Problem details
Please copy out the entries below exactly, beginning with the line that contains "Trullo Suiten: Sind" and ending with the line that contains "Công tắc đơn", and include nothing outside that span.

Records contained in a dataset
= Beginning of Section =
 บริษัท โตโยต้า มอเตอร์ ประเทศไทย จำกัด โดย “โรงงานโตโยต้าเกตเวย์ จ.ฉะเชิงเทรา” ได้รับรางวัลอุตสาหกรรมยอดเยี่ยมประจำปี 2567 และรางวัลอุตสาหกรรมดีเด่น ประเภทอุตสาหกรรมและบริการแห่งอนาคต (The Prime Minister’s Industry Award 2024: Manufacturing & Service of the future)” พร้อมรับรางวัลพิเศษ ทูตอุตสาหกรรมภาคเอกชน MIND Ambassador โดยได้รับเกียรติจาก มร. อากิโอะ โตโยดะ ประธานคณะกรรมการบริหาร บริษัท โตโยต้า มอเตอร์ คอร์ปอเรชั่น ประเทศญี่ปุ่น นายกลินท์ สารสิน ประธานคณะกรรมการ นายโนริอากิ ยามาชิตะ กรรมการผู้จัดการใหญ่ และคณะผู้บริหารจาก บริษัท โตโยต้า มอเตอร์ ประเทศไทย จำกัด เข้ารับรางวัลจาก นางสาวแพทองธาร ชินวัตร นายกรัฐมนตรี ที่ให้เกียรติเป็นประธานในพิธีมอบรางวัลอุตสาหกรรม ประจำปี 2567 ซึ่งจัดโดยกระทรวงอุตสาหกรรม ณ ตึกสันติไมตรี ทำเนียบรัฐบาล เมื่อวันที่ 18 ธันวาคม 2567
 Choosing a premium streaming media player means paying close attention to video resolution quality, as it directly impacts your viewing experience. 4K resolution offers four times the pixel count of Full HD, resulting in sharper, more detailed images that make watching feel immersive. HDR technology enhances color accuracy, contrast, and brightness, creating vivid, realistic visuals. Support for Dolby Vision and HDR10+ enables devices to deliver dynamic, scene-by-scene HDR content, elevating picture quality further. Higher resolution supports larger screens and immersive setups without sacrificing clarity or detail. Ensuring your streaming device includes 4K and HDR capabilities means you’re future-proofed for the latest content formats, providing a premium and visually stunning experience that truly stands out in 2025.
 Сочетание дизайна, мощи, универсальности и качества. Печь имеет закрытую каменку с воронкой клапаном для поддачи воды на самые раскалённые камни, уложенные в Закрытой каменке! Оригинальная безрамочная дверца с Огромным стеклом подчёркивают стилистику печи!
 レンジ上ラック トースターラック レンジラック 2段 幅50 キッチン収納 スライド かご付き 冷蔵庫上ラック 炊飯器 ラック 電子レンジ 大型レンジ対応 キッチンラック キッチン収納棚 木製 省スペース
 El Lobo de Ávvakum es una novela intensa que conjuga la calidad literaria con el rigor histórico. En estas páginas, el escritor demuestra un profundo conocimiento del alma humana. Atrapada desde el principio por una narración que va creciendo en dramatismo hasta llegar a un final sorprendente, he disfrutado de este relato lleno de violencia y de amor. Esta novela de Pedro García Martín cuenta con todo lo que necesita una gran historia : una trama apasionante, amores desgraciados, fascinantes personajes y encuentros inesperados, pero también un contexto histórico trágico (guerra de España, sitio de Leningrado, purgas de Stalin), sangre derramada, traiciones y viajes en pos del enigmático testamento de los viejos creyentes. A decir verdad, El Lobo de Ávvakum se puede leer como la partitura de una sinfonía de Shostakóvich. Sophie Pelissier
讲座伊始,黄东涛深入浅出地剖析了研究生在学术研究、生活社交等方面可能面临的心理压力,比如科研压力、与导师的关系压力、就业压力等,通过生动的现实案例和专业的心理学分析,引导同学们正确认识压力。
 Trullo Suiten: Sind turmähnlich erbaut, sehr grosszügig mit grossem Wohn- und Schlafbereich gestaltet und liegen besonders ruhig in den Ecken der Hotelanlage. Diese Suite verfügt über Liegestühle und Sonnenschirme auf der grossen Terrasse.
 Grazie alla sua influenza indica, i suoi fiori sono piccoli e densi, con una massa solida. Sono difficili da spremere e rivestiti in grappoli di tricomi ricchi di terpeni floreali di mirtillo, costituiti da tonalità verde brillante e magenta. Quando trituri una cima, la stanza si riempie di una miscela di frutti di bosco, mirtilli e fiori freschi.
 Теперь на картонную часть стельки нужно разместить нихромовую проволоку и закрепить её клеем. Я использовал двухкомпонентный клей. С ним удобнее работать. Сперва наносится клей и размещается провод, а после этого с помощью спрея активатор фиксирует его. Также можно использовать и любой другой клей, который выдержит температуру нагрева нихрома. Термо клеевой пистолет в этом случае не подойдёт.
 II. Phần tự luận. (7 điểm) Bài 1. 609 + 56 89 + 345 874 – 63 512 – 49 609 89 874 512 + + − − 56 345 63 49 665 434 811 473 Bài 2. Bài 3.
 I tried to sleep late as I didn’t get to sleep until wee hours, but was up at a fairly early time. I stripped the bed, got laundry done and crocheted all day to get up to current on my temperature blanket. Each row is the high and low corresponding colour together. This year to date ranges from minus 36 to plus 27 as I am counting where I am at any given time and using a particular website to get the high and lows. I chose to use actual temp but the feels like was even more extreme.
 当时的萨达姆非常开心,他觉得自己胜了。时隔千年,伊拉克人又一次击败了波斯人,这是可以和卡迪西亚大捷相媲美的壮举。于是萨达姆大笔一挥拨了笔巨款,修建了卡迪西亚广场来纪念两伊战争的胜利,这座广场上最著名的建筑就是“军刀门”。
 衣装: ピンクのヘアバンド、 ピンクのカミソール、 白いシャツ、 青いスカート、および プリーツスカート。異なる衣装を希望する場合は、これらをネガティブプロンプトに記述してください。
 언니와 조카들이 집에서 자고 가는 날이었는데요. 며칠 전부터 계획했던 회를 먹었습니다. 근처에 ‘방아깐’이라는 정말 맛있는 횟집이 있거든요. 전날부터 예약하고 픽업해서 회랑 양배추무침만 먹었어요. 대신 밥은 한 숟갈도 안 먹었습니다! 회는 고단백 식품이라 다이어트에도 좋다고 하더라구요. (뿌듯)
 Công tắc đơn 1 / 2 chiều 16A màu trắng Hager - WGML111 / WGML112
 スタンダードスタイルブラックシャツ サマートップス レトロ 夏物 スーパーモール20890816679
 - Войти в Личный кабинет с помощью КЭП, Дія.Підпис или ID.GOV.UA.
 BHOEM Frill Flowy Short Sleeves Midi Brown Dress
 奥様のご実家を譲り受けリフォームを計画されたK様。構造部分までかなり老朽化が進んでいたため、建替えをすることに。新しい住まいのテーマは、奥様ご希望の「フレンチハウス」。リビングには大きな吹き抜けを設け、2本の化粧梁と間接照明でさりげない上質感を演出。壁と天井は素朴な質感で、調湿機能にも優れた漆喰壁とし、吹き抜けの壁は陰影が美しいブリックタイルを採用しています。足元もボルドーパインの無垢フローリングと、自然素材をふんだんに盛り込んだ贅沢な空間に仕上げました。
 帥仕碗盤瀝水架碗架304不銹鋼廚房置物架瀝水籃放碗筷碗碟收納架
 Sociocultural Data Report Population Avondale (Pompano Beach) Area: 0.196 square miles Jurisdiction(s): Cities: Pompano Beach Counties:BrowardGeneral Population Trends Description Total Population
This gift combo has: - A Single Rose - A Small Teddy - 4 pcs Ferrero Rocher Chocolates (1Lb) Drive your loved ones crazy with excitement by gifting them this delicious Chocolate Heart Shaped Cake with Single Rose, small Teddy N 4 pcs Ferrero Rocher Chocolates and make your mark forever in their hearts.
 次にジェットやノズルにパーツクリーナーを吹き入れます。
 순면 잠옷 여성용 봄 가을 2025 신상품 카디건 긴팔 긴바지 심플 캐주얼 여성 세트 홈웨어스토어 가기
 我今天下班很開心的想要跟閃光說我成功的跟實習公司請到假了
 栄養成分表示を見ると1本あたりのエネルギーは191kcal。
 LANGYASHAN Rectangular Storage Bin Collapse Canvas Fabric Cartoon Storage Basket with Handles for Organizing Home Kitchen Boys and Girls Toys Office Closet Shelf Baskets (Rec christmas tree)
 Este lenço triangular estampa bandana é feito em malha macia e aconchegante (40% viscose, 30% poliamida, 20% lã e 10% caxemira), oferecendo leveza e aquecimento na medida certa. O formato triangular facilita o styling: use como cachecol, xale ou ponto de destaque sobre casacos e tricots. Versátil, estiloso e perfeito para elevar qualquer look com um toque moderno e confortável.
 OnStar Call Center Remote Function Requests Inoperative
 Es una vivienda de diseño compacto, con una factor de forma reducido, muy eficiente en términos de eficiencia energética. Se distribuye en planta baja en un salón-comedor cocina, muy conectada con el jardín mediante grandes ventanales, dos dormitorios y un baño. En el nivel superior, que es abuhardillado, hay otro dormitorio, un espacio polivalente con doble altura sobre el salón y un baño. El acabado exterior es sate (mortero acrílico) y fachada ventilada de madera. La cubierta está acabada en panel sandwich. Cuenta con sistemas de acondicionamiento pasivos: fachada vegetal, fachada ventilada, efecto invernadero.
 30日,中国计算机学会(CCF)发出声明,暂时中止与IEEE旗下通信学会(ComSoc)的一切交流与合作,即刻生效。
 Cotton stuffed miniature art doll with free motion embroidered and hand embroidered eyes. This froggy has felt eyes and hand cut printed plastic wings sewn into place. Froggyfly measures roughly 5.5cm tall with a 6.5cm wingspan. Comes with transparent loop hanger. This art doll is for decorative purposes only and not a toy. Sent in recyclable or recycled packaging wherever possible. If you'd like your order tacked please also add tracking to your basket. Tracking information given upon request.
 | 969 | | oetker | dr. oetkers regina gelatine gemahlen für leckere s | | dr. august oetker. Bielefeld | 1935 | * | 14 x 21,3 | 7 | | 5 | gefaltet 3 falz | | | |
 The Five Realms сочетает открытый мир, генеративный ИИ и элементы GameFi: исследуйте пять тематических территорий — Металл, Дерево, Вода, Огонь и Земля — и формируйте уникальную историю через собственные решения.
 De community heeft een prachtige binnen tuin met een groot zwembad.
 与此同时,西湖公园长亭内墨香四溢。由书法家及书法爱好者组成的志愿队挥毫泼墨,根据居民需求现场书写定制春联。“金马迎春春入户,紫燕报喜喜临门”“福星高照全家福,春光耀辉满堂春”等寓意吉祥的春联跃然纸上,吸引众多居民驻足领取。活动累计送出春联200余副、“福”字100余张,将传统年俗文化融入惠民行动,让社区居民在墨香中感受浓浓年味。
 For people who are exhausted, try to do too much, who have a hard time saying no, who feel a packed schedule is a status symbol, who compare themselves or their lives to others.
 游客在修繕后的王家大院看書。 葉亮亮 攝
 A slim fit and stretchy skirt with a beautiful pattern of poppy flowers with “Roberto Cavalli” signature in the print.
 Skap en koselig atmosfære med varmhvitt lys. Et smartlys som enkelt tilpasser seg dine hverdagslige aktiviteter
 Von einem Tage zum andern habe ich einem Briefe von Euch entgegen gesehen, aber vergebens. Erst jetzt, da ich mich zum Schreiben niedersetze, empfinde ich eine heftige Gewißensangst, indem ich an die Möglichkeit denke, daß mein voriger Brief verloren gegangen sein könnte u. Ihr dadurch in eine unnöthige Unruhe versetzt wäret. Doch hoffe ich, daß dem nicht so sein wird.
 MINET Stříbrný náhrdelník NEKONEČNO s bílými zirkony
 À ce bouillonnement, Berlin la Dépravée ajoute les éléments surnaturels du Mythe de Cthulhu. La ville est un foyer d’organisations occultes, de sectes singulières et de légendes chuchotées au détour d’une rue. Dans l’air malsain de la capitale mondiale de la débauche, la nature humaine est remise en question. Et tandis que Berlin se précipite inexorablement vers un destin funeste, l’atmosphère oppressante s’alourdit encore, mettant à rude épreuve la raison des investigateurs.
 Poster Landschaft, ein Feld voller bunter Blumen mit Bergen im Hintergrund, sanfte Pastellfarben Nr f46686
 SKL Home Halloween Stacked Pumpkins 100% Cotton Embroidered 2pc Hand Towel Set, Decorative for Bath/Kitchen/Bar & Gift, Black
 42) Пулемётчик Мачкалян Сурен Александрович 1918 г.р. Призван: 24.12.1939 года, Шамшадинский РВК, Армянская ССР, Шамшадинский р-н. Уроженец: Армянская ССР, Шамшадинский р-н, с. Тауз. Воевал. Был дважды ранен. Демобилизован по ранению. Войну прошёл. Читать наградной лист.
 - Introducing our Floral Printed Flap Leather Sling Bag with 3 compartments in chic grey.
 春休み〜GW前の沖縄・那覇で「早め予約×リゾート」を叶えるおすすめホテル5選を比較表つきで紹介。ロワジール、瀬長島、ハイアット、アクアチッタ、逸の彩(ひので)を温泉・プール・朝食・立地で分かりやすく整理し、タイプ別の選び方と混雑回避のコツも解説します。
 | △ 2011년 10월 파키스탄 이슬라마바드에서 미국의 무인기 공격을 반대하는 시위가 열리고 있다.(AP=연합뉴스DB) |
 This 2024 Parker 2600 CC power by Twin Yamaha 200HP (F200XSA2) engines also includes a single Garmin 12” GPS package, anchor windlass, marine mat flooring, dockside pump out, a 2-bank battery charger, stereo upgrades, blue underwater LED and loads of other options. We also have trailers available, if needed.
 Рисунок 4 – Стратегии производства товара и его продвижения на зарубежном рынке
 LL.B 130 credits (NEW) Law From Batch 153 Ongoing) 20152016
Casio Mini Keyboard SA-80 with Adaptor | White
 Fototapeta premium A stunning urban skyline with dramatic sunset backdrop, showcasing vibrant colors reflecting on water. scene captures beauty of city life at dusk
= End of Section =
Answer area
 Trullo Suiten: Sind turmähnlich erbaut, sehr grosszügig mit grossem Wohn- und Schlafbereich gestaltet und liegen besonders ruhig in den Ecken der Hotelanlage. Diese Suite verfügt über Liegestühle und Sonnenschirme auf der grossen Terrasse.
 Grazie alla sua influenza indica, i suoi fiori sono piccoli e densi, con una massa solida. Sono difficili da spremere e rivestiti in grappoli di tricomi ricchi di terpeni floreali di mirtillo, costituiti da tonalità verde brillante e magenta. Quando trituri una cima, la stanza si riempie di una miscela di frutti di bosco, mirtilli e fiori freschi.
 Теперь на картонную часть стельки нужно разместить нихромовую проволоку и закрепить её клеем. Я использовал двухкомпонентный клей. С ним удобнее работать. Сперва наносится клей и размещается провод, а после этого с помощью спрея активатор фиксирует его. Также можно использовать и любой другой клей, который выдержит температуру нагрева нихрома. Термо клеевой пистолет в этом случае не подойдёт.
 II. Phần tự luận. (7 điểm) Bài 1. 609 + 56 89 + 345 874 – 63 512 – 49 609 89 874 512 + + − − 56 345 63 49 665 434 811 473 Bài 2. Bài 3.
 I tried to sleep late as I didn’t get to sleep until wee hours, but was up at a fairly early time. I stripped the bed, got laundry done and crocheted all day to get up to current on my temperature blanket. Each row is the high and low corresponding colour together. This year to date ranges from minus 36 to plus 27 as I am counting where I am at any given time and using a particular website to get the high and lows. I chose to use actual temp but the feels like was even more extreme.
 当时的萨达姆非常开心,他觉得自己胜了。时隔千年,伊拉克人又一次击败了波斯人,这是可以和卡迪西亚大捷相媲美的壮举。于是萨达姆大笔一挥拨了笔巨款,修建了卡迪西亚广场来纪念两伊战争的胜利,这座广场上最著名的建筑就是“军刀门”。
 衣装: ピンクのヘアバンド、 ピンクのカミソール、 白いシャツ、 青いスカート、および プリーツスカート。異なる衣装を希望する場合は、これらをネガティブプロンプトに記述してください。
 언니와 조카들이 집에서 자고 가는 날이었는데요. 며칠 전부터 계획했던 회를 먹었습니다. 근처에 ‘방아깐’이라는 정말 맛있는 횟집이 있거든요. 전날부터 예약하고 픽업해서 회랑 양배추무침만 먹었어요. 대신 밥은 한 숟갈도 안 먹었습니다! 회는 고단백 식품이라 다이어트에도 좋다고 하더라구요. (뿌듯)
 Công tắc đơn 1 / 2 chiều 16A màu trắng Hager - WGML111 / WGML112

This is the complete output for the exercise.